Transcriptional profile of Mycobacterium tuberculosis replicating in type II alveolar epithelial cells

Abstract

Mycobacterium tuberculosis (M. tb) infection is initiated by the few bacilli inhaled into the alveolus. Studies in lungs of aerosol-infected mice provided evidence for extensive replication of M. tb in non-migrating, non-antigen-presenting cells in the alveoli during the first 2-3 weeks post-infection. Alveoli are lined by type II and type I alveolar epithelial cells (AEC) which outnumber alveolar macrophages by several hundred-fold. M. tb DNA and viable M. tb have been demonstrated in AEC and other non-macrophage cells of the kidney, liver, and spleen in autopsied tissues from latently-infected subjects from TB-endemic regions indicating systemic bacterial dissemination during primary infection. M. tb have also been demonstrated to replicate rapidly in A549 cells (type II AEC line) and acquire increased invasiveness for endothelial cells. Together, these results suggest that AEC could provide an important niche for bacterial expansion and development of a phenotype that promotes dissemination during primary infection. In the current studies, we have compared the transcriptional profile of M. tb replicating intracellularly in A549 cells to that of M. tb replicating in laboratory broth, by microarray analysis. Genes significantly upregulated during intracellular residence were consistent with an active, replicative, metabolic, and aerobic state, as were genes for tryptophan synthesis and for increased virulence (ESAT-6, and ESAT-6-like genes, esxH, esxJ, esxK, esxP, and esxW). In contrast, significant downregulation of the DevR (DosR) regulon and several hypoxia-induced genes was observed. Stress response genes were either not differentially expressed or were downregulated with the exception of the heat shock response and those induced by low pH. The intra-type II AEC M. tb transcriptome strongly suggests that AEC could provide a safe haven in which M. tb can expand dramatically and disseminate from the lung prior to the elicitation of adaptive immune responses.

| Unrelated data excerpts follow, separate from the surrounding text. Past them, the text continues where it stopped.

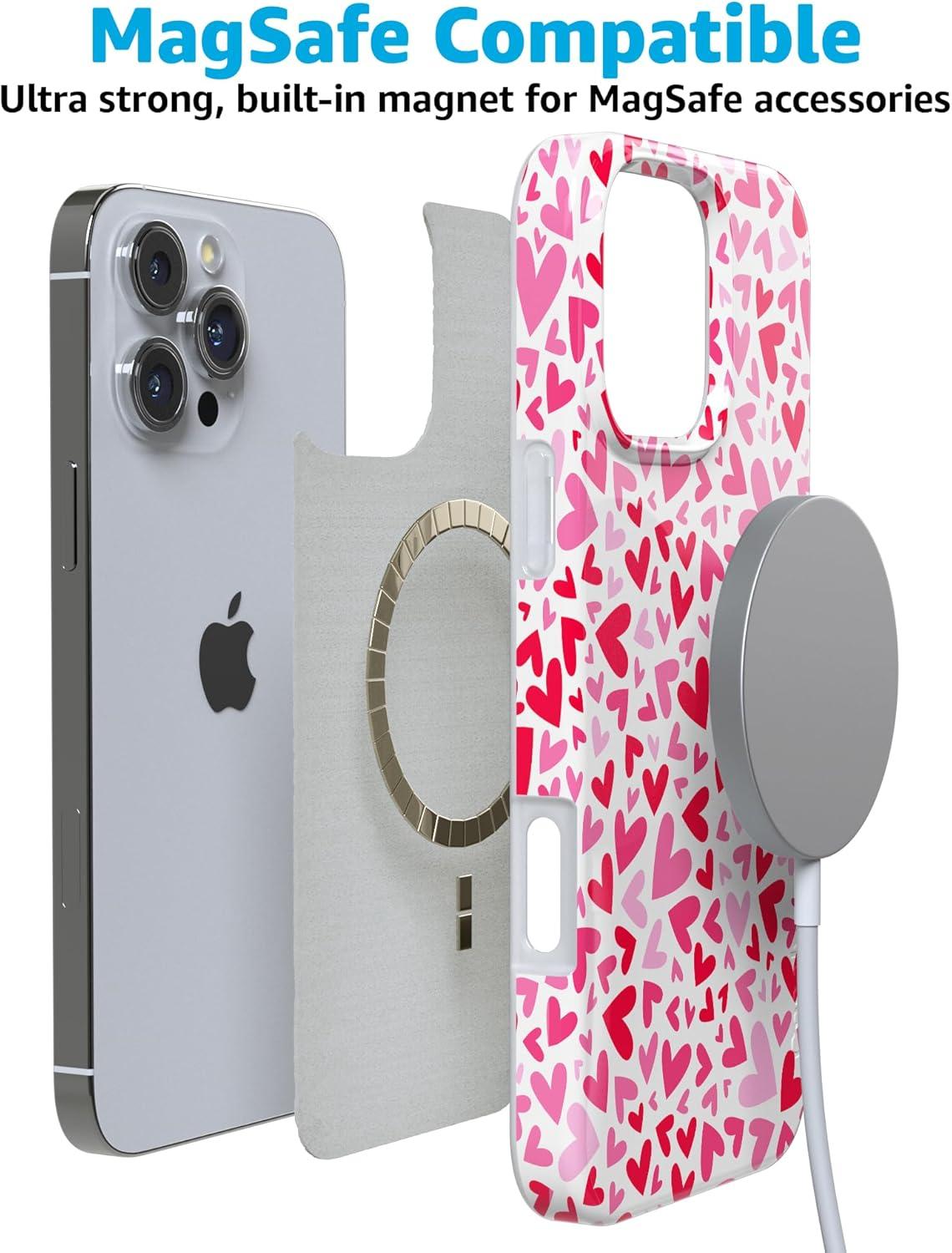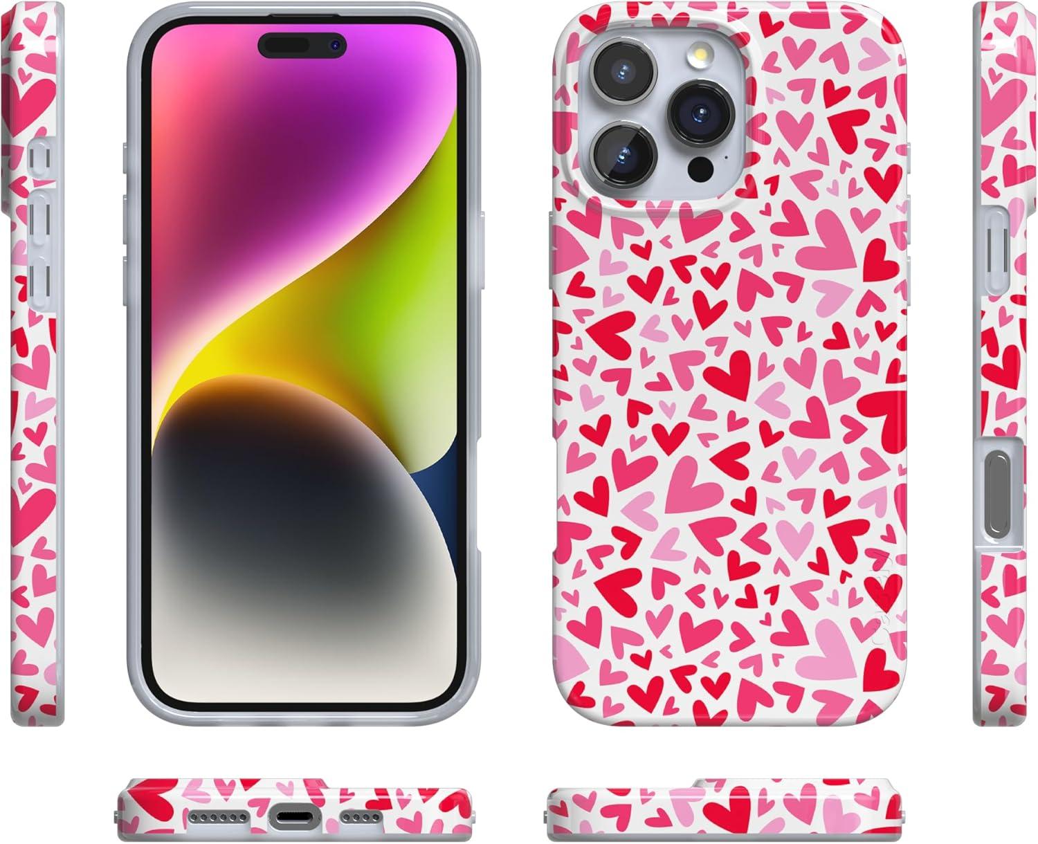 Casely iPhone 16 Pro Case | Moody Monochrome | Bordeaux Rose | Compatible with MagSafe | Classic Ultra Thin Design(XOXO | Candy Hearts)
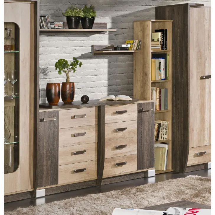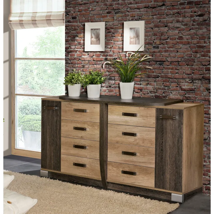 Produkt przykuwa uwagę swoim subtelnym połączeniem barw - dąb Canyon oraz Arusha. To niepowtarzalne zestawienie sprawia, że komoda Romeo stanie się niezastąpioną częścią każdego wnętrza, tanto tych klasycznych, jak i nowoczesnych.
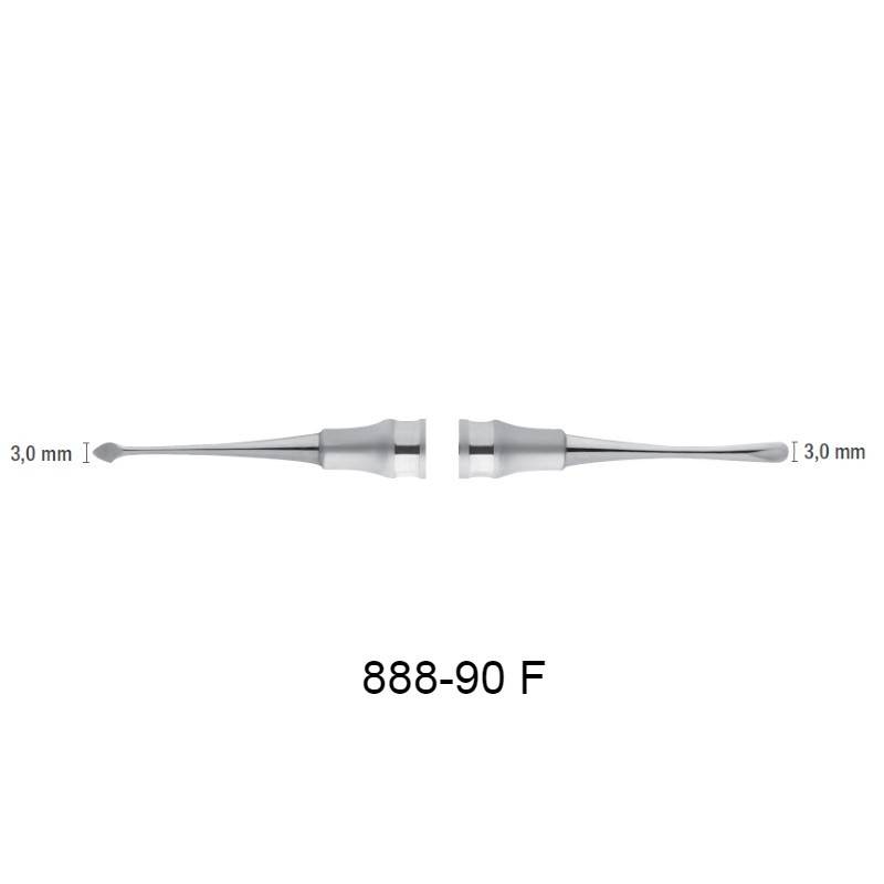 - 888-90 F - Elevador Periosteal Palti - 17,1 cm - 3,0 / 5,0 mm - Su parte activa con forma de lanza permite el desprendimiento de la papila así como el desprendimiento de la cresta de la encía marginal. La solapa mucoperiostal se puede desprender con suavidad gracias a su extremo opuesto con forma de pala.
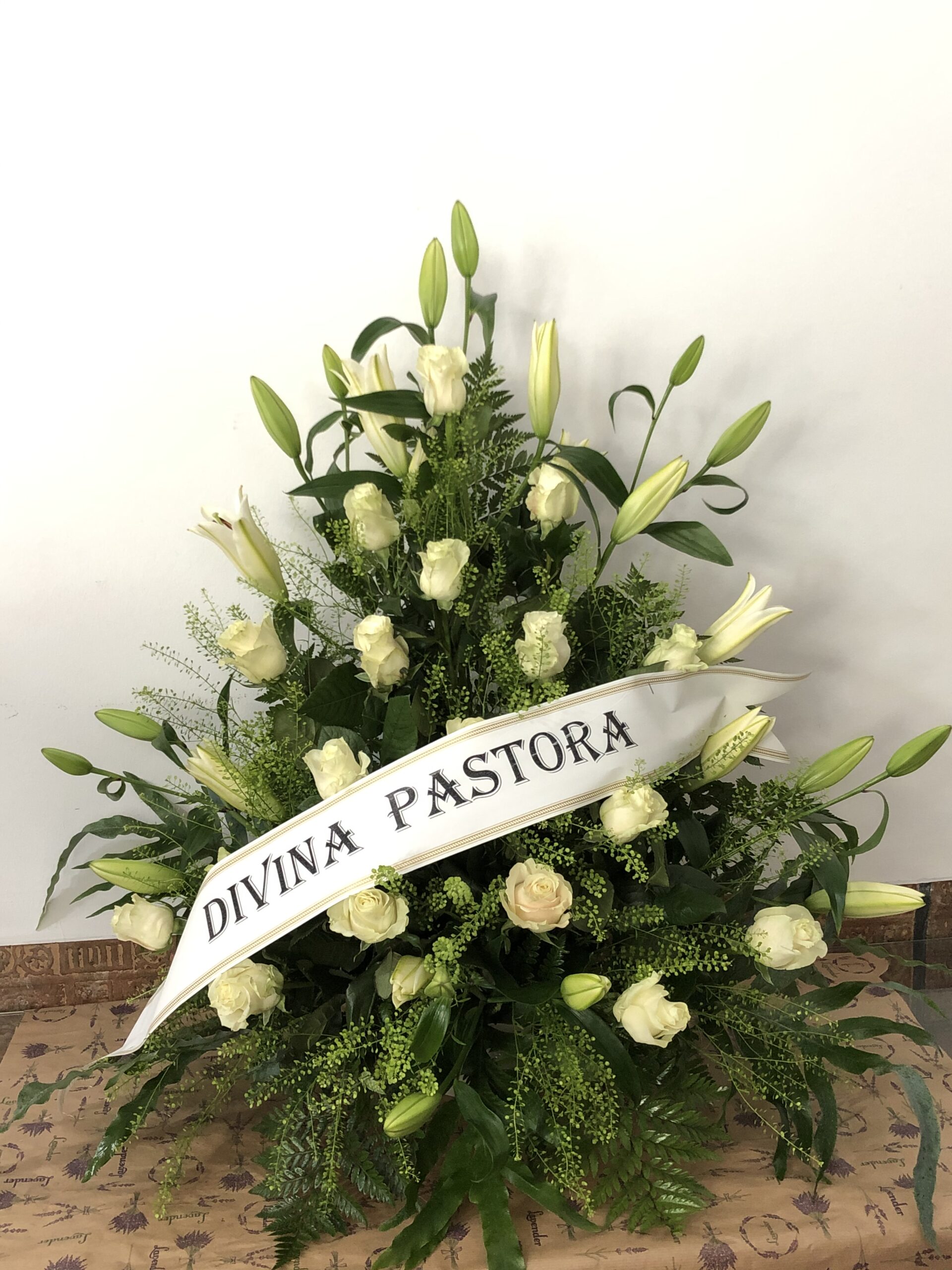 Armonioso centro floral funerario realizado con lilium, rosas y distintos verdes. Lleva cinta con el texto elegido, Colores optativos.
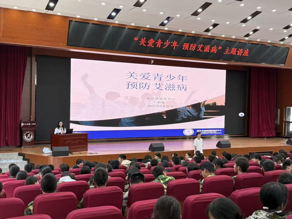 和秀在丽江市第二中学防艾宣讲。(丽江市疾控中心 供图)
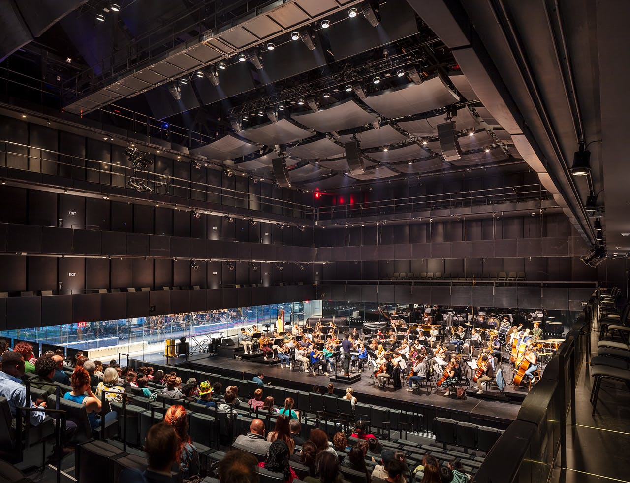 The Lindemann is a remarkable achievement in terms of its facilities. The bulk of the white box on Angell Street packages a dramatic and “radically flexible” performance space that has movable walls and five “radically different stage types.” The 40-foot-tall hall can seat an audience of over 500 for concerts by the 100-member Brown Symphony Orchestra, or it can be made smaller for opera, dance, or theatre. Acoustically, this giant, column-less “black box” can be fine-tuned, even during a performance. In short, the PAC has all the mechanical wizardly and performance-related toys one could ever wish for.
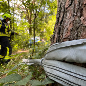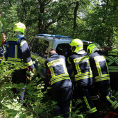 Danach konnte dann mit Hilfe eines Mehrzweckzuges der Streifenwagen wieder gerade auf den Weg gezogen werden. Um diesen danach wieder vernünftig rückwärts aus dem Waldweg fahren zu können, musste ein alter im Weg stehender Baumstumpf noch mittels der Kettensäge entfernt werden. Nach ca. 1 1/2 Stunden konnte dann der Einsatz erfolgreich beendet werden.
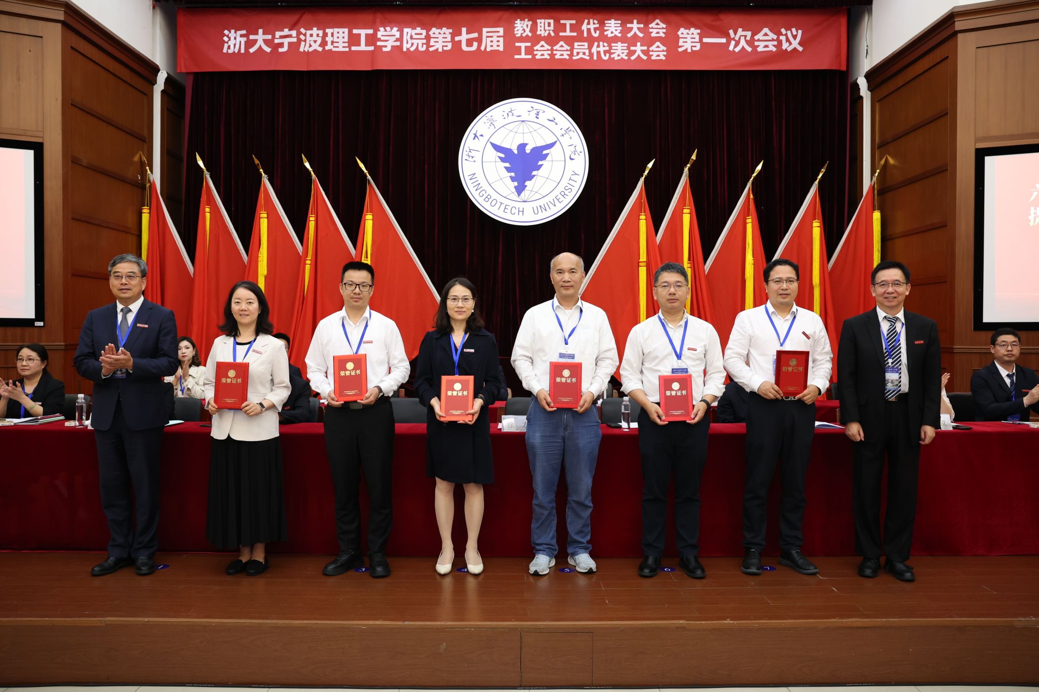 大会还表彰了第六届教职工代表大会、工会会员代表大会第三次会议优秀提案和提案办理优秀部门,徐方、杨德仁为获奖代表和单位颁奖。开幕式上,宁波市教育工会主席龚松林致辞,他高度肯定了学校工会过去三年取得的工作成效,寄语新一届工会委员会勇担使命、服务师生;学校团委书记聂迎娉代表群团组织致贺词。
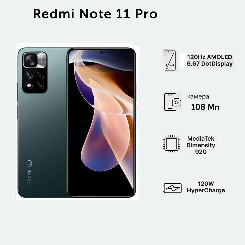 Смартфон. Redmi Note 11 pro 6/128гб, поддерживает русский язык, зелёный
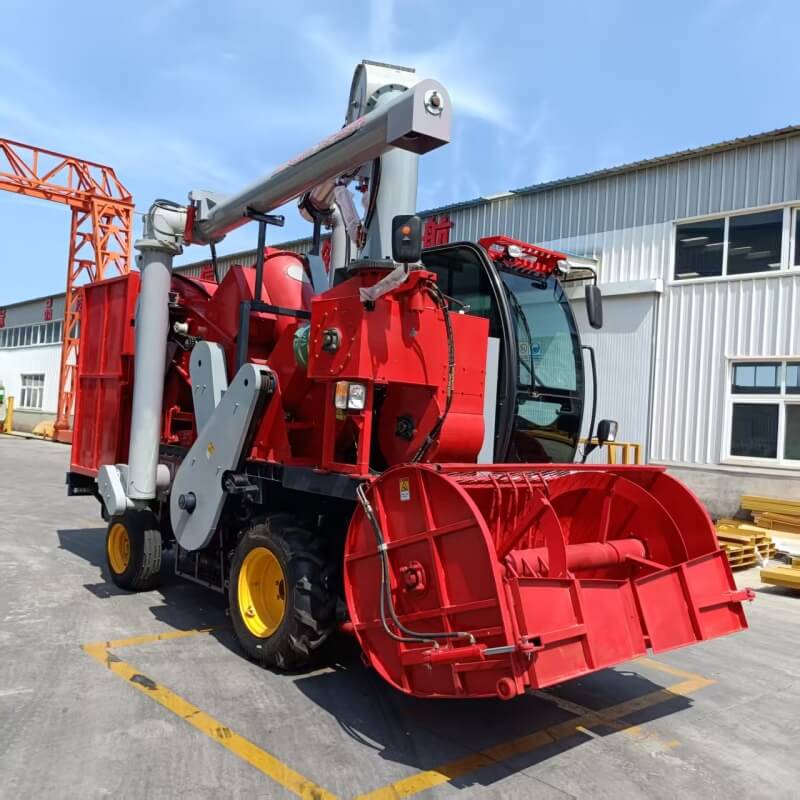 Trituradora autopropulsada de cinco ejes con autosucción: El modelo 2025 está equipado con motores Xichai Sida de 120 caballos de fuerza o Anhui Quanchai de 130 caballos de fuerza, capaces de trillar aproximadamente 20.000 kg por hora. Adopta dos métodos de alimentación: succión eólica y pala frontal en espiral. Cuenta con una cabina completamente cerrada, tambor de succión telescópico, descarga hidráulica de alto nivel con rotación de 360° y una tolva de mazorcas de maíz ampliada.
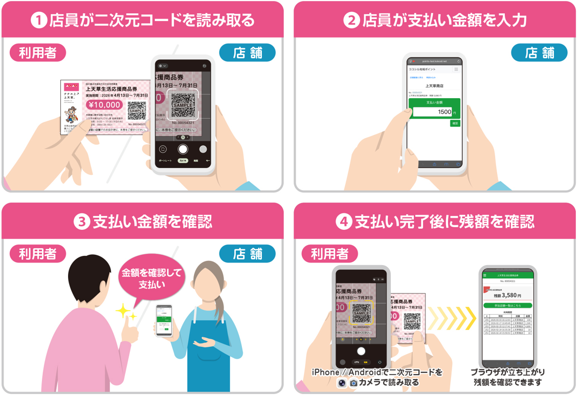 商品券の利用方法、残額の確認方法のマニュアルを掲載しております。
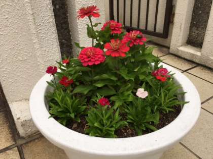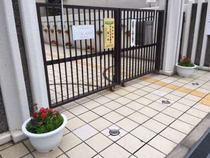 浪速区役所からいただいた綺麗なお花が正門前を飾ってくれています。管理作業員さんに植えてもらいました。来校者もにっこりです。
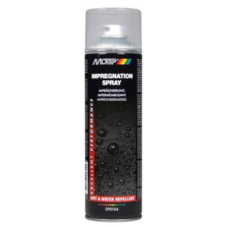 MOTIP impregnējošs aerosols IMPREGNATION SPRAY 500 ml flakonā, paredzēts dažādu tekstila un ādas izstrādājumu aizsardzībai pret mitrumu, kā arī netīrumu pieķeršanās novēršanai. Galvenokārt automašīnu saloniem, taču droši var izmantot arī citiem mērķiem, piemēram, apģērbam un apaviem, mēbelēm, un daudz cita. Pateicoties unikālajai formulai, tiek izveidota neredzama aizsargplēvīte, kas atvaira ūdeni, bet tajā pašā laikā ir arī elpojoša, novēršot netīrumu pieķeršanos materiālam. Vispiemērotākā temperatūra apstrādei ir 5 līdz 30 grādi. Virsmai jābūt tīrai un sausai. Uzklājiet impregnējošo līdzekli vairākos plānos slāņos, katru ar 5 līdz 10 minūšu intervālu.
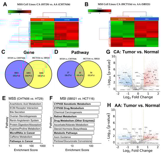MSI and racial origin have a layered impact on CRC transcriptomes, specifically on drug metabolism pathways. (A,B), Extracted RNA from indicated cell lines was analyzed with bulk RNA sequencing. Unsupervised hierarchical clustering of gene expression patterns was conducted for MSS cell lines (A) and MSI cell lines (B). (C,D), Layered analysis of gene expression made relative to respective AA cell line compared between MSI status at the individual gene level (C) and pathway enrichment level (D). (E,F), Pathway enrichment analysis showing top 10 differentially expressed pathways between AA and CA cell line within the MSS group (E) and the MSI group (F). (G,H), Gene expression of fluoropyrimidine metabolism pathway analyzed from our previously published RNAseq dataset [] comparing tumor vs. healthy adjacent tissue gene expression from CA (n = 20) (G) and AA (n = 20) (H) CRC tumors. Light blue dots are significantly downregulated genes, light red dots are significantly upregulated genes, and dark red dots with labels are genes belonging to the fluoropyrimidine metabolism pathway.

Fig 1. Heat map of M. tb genes differentially expressed at 72 hr replication in A549.

Heat map denoting upregulated genes in red (186) and down-regulated genes in green (75) in M. tb H37Rv replicating in A549 compared to M. tb H37Rv growing logarithmically in 7H9 broth as the reference. Shown are the results from 2 biological replicates (Lanes 1 and 2- one biological replicate, four technical replicates including two dye flips; Lane 3- one biological replicate, two technical replicates including one dye flip) in order of degree of fold change from most differentially expressed to the cut-off (+2 for upregulated or -2 for downregulated). Ranges of fold change are indicated to the left.